## EXERCISE:
Look through the listing below, and wherever a line has the string "april", copy it.

## INFORMATION SHOWN:
****************************************

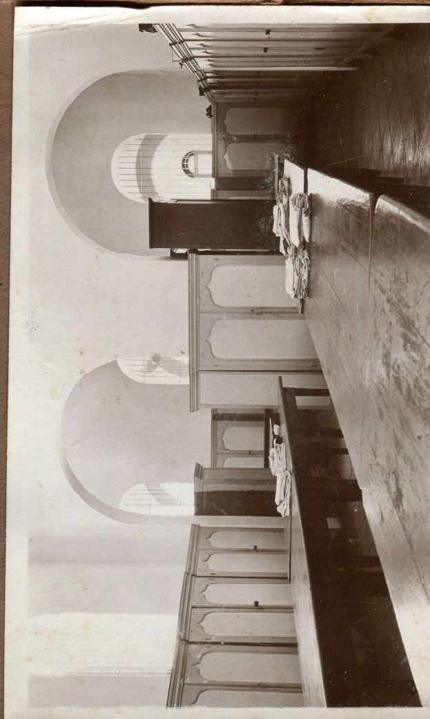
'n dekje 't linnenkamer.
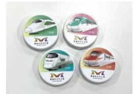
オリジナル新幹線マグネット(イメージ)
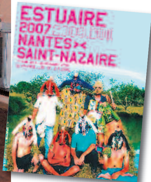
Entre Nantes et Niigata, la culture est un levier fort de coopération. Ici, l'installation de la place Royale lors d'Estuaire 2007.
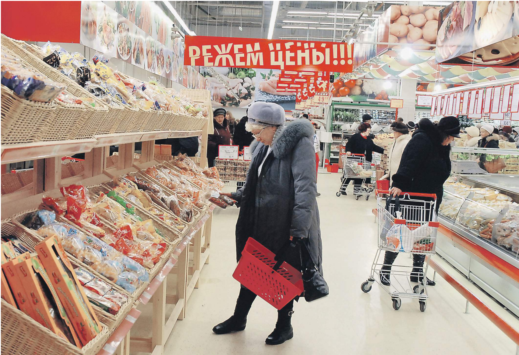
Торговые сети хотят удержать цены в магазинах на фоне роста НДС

****************************************

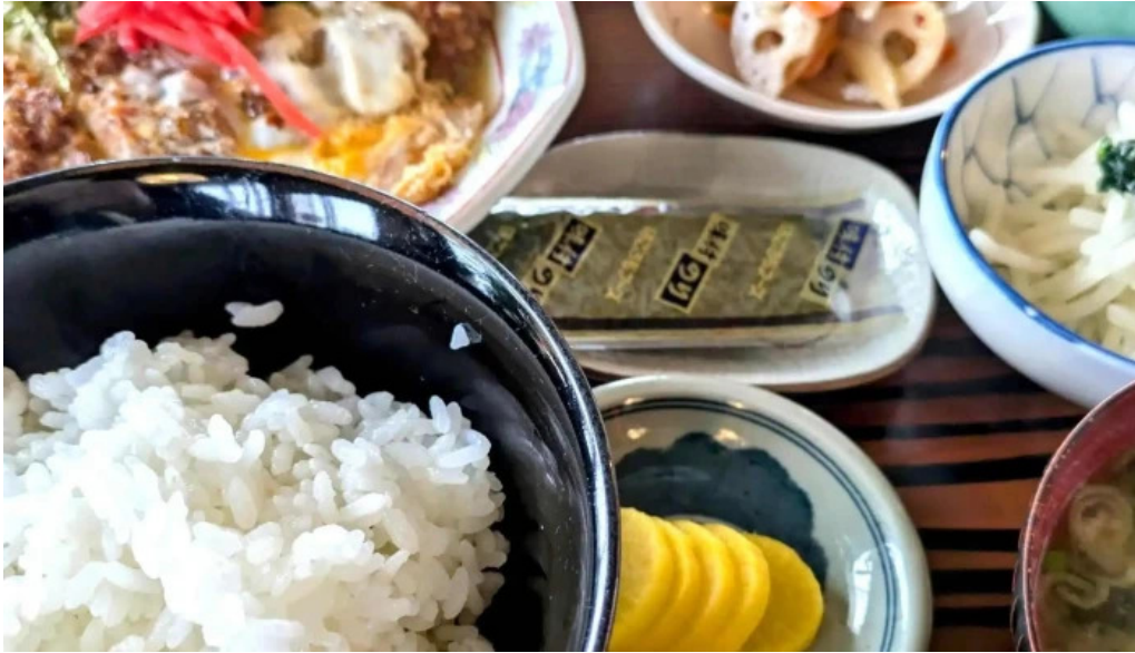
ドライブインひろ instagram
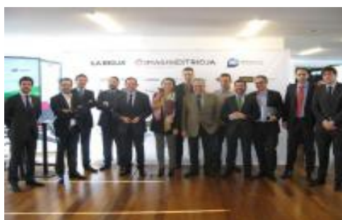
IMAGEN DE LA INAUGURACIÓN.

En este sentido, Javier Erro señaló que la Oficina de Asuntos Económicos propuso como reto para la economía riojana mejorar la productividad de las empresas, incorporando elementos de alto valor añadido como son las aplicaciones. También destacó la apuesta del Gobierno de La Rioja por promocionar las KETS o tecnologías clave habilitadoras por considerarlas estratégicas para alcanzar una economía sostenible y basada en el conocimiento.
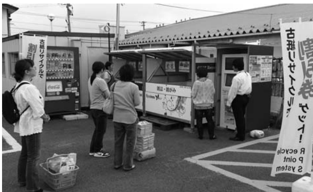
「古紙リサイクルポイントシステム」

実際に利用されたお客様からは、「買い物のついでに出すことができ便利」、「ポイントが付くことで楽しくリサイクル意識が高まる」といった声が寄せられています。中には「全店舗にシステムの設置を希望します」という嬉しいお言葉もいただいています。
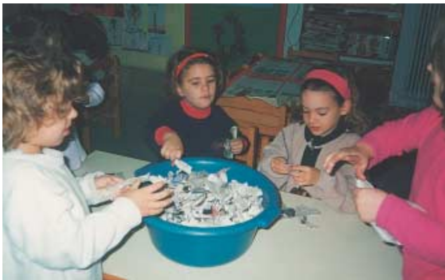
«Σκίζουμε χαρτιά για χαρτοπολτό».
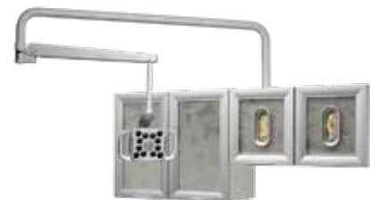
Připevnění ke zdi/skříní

****************************************

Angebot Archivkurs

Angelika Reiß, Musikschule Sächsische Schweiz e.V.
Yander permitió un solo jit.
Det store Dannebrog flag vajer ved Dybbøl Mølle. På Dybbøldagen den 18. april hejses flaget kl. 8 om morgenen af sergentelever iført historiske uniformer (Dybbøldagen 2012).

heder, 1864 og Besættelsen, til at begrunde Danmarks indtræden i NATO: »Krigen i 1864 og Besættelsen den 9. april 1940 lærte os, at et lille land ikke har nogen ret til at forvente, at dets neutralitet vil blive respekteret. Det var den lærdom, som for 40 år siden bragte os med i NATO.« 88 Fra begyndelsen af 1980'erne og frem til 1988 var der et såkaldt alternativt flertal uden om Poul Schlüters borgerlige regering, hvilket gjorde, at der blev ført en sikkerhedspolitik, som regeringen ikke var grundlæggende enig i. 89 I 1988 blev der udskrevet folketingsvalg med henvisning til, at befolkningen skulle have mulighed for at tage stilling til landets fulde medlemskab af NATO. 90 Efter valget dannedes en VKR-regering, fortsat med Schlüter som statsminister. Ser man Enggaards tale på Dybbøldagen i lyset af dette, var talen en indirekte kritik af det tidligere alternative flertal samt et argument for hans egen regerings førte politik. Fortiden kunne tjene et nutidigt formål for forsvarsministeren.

****************************************

## RESULT:
Det store Dannebrog flag vajer ved Dybbøl Mølle. På Dybbøldagen den 18. april hejses flaget kl. 8 om morgenen af sergentelever iført historiske uniformer (Dybbøldagen 2012).
heder, 1864 og Besættelsen, til at begrunde Danmarks indtræden i NATO: »Krigen i 1864 og Besættelsen den 9. april 1940 lærte os, at et lille land ikke har nogen ret til at forvente, at dets neutralitet vil blive respekteret. Det var den lærdom, som for 40 år siden bragte os med i NATO.« 88 Fra begyndelsen af 1980'erne og frem til 1988 var der et såkaldt alternativt flertal uden om Poul Schlüters borgerlige regering, hvilket gjorde, at der blev ført en sikkerhedspolitik, som regeringen ikke var grundlæggende enig i. 89 I 1988 blev der udskrevet folketingsvalg med henvisning til, at befolkningen skulle have mulighed for at tage stilling til landets fulde medlemskab af NATO. 90 Efter valget dannedes en VKR-regering, fortsat med Schlüter som statsminister. Ser man Enggaards tale på Dybbøldagen i lyset af dette, var talen en indirekte kritik af det tidligere alternative flertal samt et argument for hans egen regerings førte politik. Fortiden kunne tjene et nutidigt formål for forsvarsministeren.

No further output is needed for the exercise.